Tilman Rammstedt
Morgen mehr
- Kategorie
- Allgemeine Literatur
Begründung der Jury
Ein winziger VW-Käfer fährt einen Hügel aus konzentrischen Farbstreifen hinauf. Wer dabei die Gedanken an knallige Jugendzimmer-Tapeten der frühen Siebziger Jahre aufrollt, rutscht in die Erzählebene des Romans hinein: Der Protagonist in dem Roman »Morgen mehr«, wird, wie der Autor selbst, in die Siebziger Jahre hineingeboren.
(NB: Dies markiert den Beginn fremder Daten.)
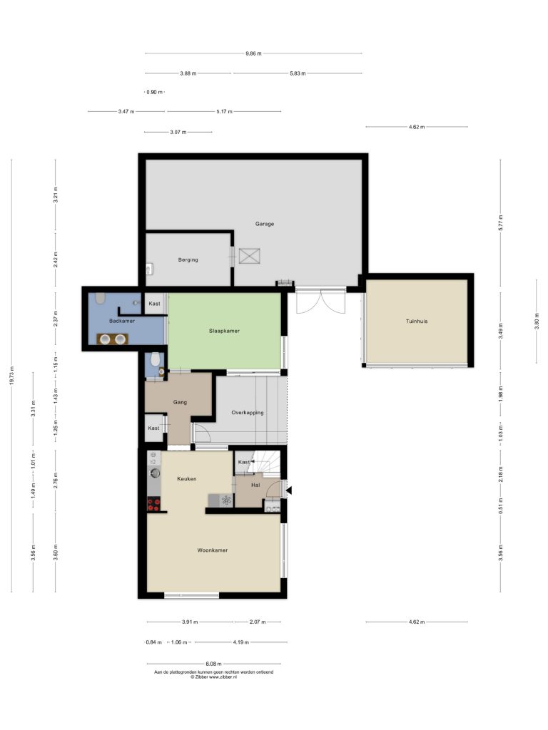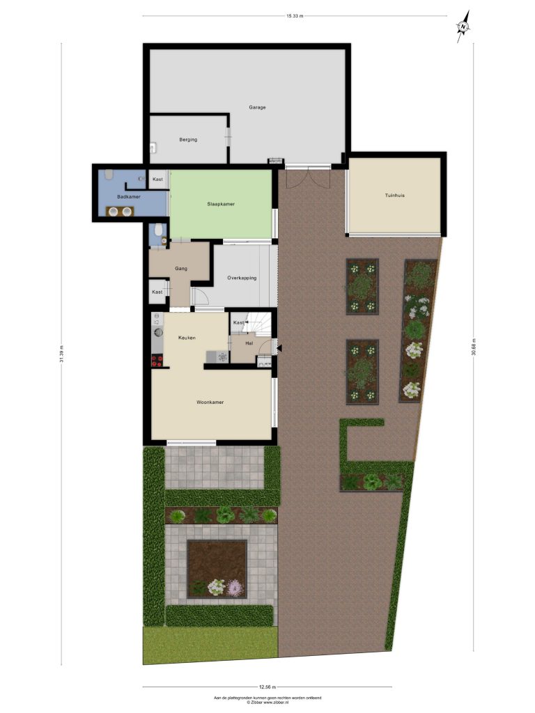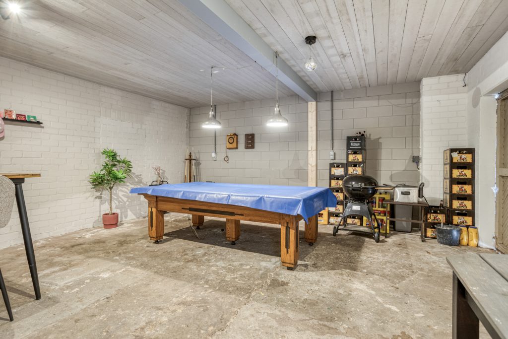 Via de tuin heb je toegang tot de royale garage. Deze multifunctionele ruimte is voorzien van elektra, water en een eigen meterkast. In de garage bevindt zich een praktische bergruimte met de cv-opstelling, de omvormer van de zonnepanelen en de verdeler van de vloerverwarming van het woonhuis. Tevens is de garage voorzien van een volwaardige verdieping, bereikbaar via een luik, die uitstekend te gebruiken is als extra bergruimte of voor andere doeleinden.

Der Ich-Erzähler wird über Zeitebenen reflektieren, und dem Leser werden sich die Pupillen drehen wie in den Augen von Mogli und der hypnotisierenden Schlange Kaa.
Unter dem Schutzumschlag überlagern sich die Op-und-Pop-Art-Farbkreise bis zur Flächendeckung des Einbands – eine optische Ankündigung der Fabulierkunst. Das warmgelbe Vorsatzpapier hält die aufgesprudelte Spannung und leitet zum Inhalt über.
Die Nummern der eher kurzen Kapitel sind als Text ausbuchstabiert und mit einem Kommentar untertitelt. Dies wirkt wie stummfilmhafte Überleitungen zwischen kurzweiligen Episoden. Die geringe Strichstärkendifferenz der Serifenschrift erzeugt eine Leichtigkeit der Graustruktur auf der Buchseite, wie sie meist von Groteskschriften erreicht wird. So lässt es sich für den Leser angenehm und anregend durch den Roman taumeln. Bevor das Buch hinter ihm zuklappt, wird er vom Nachsatzblatt aufgefangen, das als Wickelfalz zum Ausklappen ein »Schaltkapitel« trägt, und – durch diesen Epilog quasi neutralisiert – wieder in die Jetztwelt entlassen.